Because of the crowds, I actually had to wait to get on the second bus that came to go back down the hill. I didn’t anticipate that taking as long as it did, so beware if you go by bus during these peak periods. I hopped off the bus in the village of Covadonga. In Covadonga, there’s a cave with a small chapel, as well as a sanctuary and church. Before researching, I just thought they were scenic, but actually there’s a lot of history there too. There was a battle in Covadonga in 722 between Moors and an Asturian king. It turned out that the Asturian side won, and it was basically the beginning of the resistance to the Moors (who at that time were in power over the majority of today's Spain). Because of how it resulted that the Moors eventually were defeated, Spanish history looks proudly upon Covadonga.



I saw the cave and the church in Covadonga in about 15 minutes. The town is mostly made up of a few tourist restaurants. I’m happy I checked it out, but I also it’s not worth it if you’re not already nearby (to see the lakes, hike, or visit Cangas). There’s nothing really that special that you can’t see in a picture or read about on Wikipedia.



At my hostel that night, I was shocked to meet three other Americans, also all traveling alone. Truly strange! Two of them were living in Andalucia, and one was just visiting Spain. I had only really heard about Asturias this year and I live "next-door", so I was surprised that they all decided to come, and also that we all ended up in the middle of nowhere. I joined some of them for dinner down the street. It was cool to hang out with people from my country for a while. I kind of had forgotten how easy it is to talk to someone with your same accent and cultural background.



The next morning, I caught a bus back up to Cangas de Onís. I waited and waited for my bus to Las Arenas de Cabrales to show up.
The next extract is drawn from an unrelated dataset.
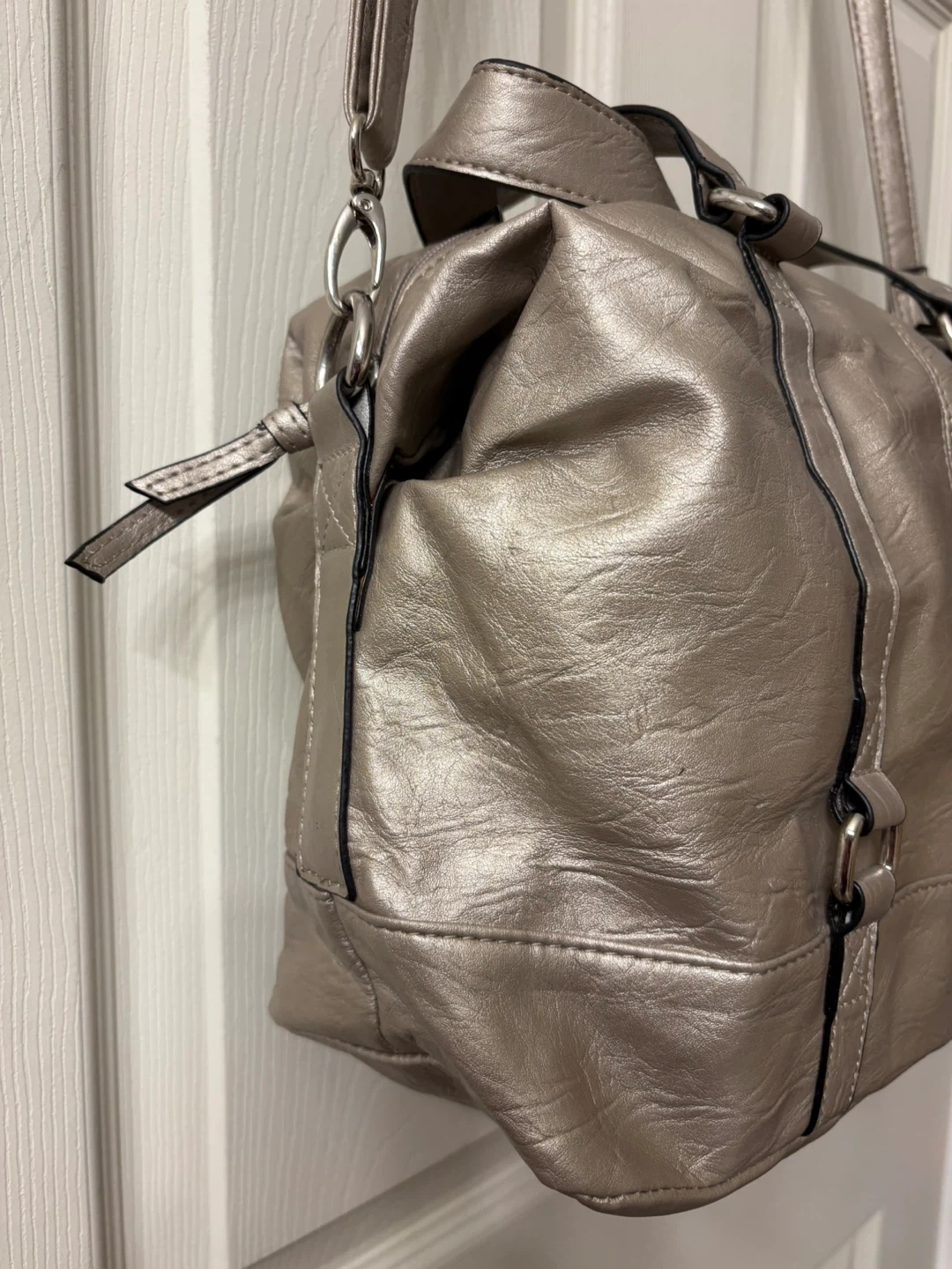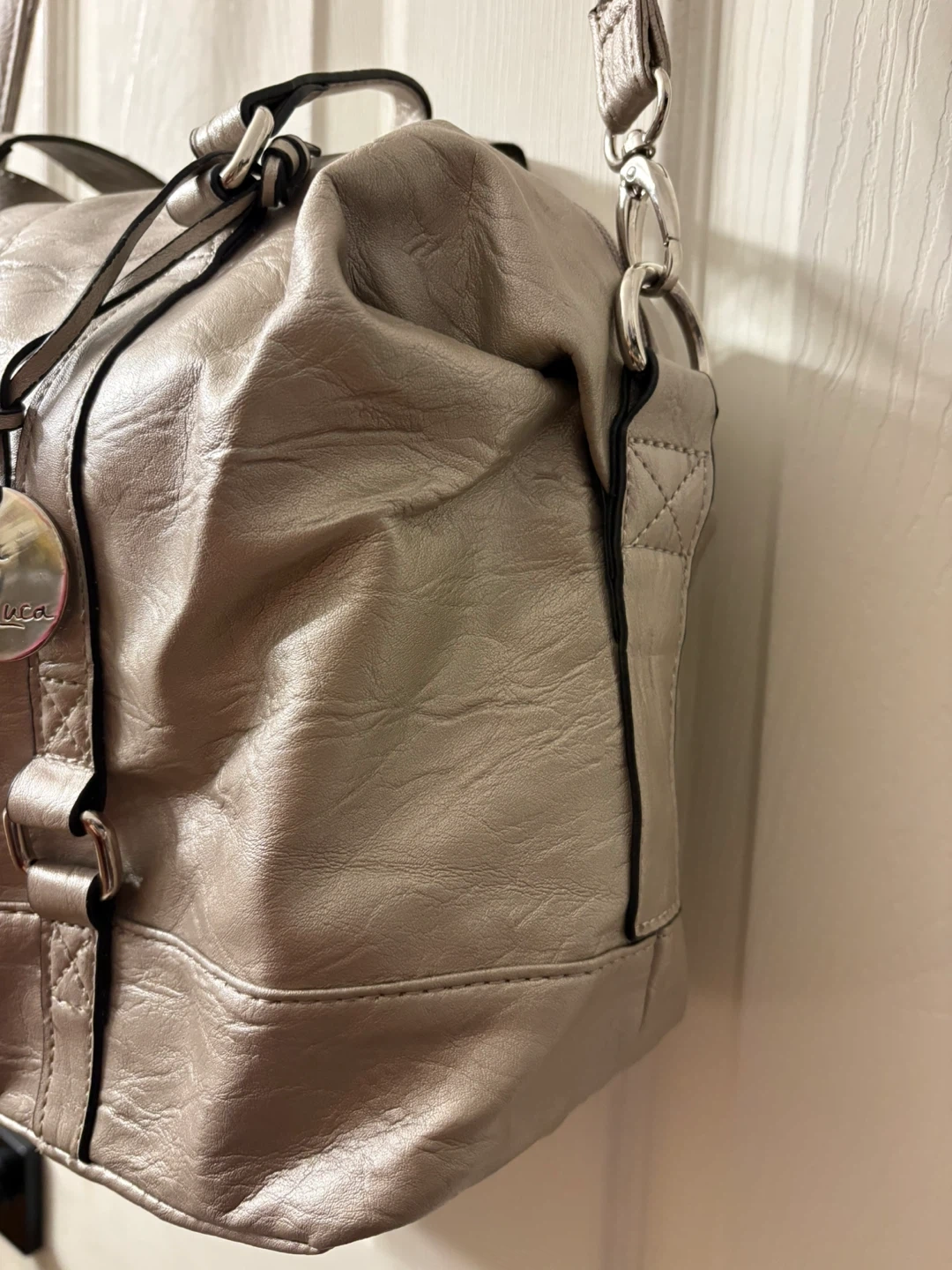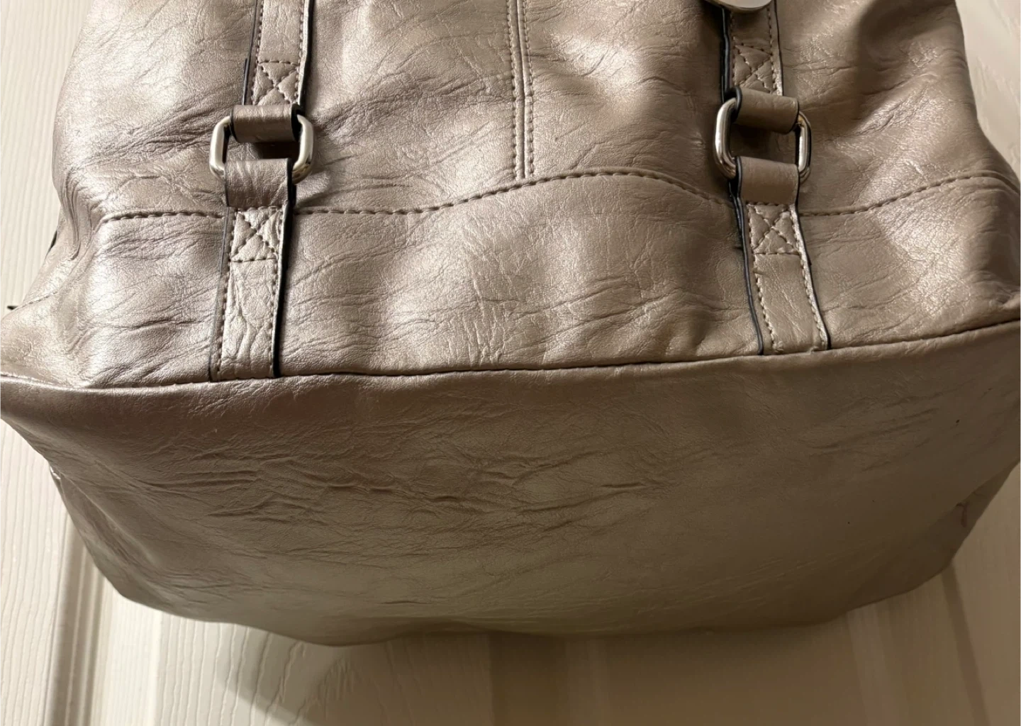 This stylish metallic silver shoulder bag by Mia Deluca is made from a faux leather material. It features both top handles and a detachable shoulder strap for versatile carrying. The bag's metallic finish adds a touch of shine to any outfit. It’s in great condition, just like new! Really spacious handbag! Pick up in Chestermere.

I carefully checked every bus that pulled up to make sure it wasn’t my bus (there were lots of buses in and out headed for the lakes), but I swear my bus didn’t come (and I’ll further this theory in the next blog post). I asked at the ticket counter, and the lady directed me to the cafeteria, which is apparently where they sell non-Covadonga bus tickets. That guy had no explanation for me but showed me the platform the bus would come to, and exchanged my ticket for the next bus. Luckily that worked out!



In the few hours I had before the next bus, I walked around Cangas. It’s a cute little touristy town with a river running through it. They’ve developed the river with paths and footbridges along it. The town’s most famous landmark is a roman bridge framed by mountains. I truly could have been in way worse places for a few hours. I sat by the river in the sunshine, ate lunch, and listened to the aforementioned podcast, this time without any interruptions from drunk men. I made sure to arrive at the bus station early, and this time, I caught the bus. On to Las Arenas de Cabrales!